Description of the task:
When a line in the entries contains the word "year", copy that line in full.

The input:
————

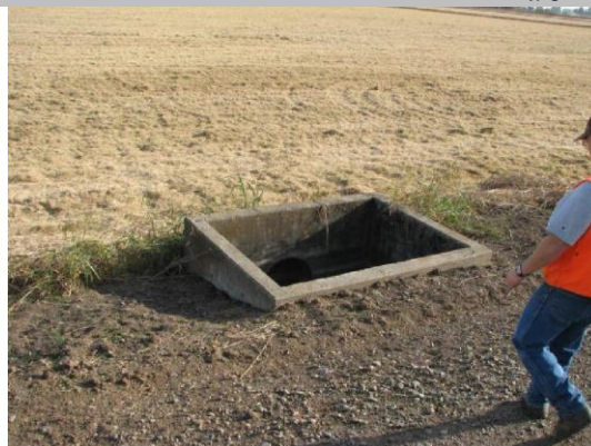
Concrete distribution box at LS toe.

————

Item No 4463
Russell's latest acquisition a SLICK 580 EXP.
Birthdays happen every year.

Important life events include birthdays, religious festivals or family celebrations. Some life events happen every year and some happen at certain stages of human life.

————

Answer section:
Birthdays happen every year.
Important life events include birthdays, religious festivals or family celebrations. Some life events happen every year and some happen at certain stages of human life.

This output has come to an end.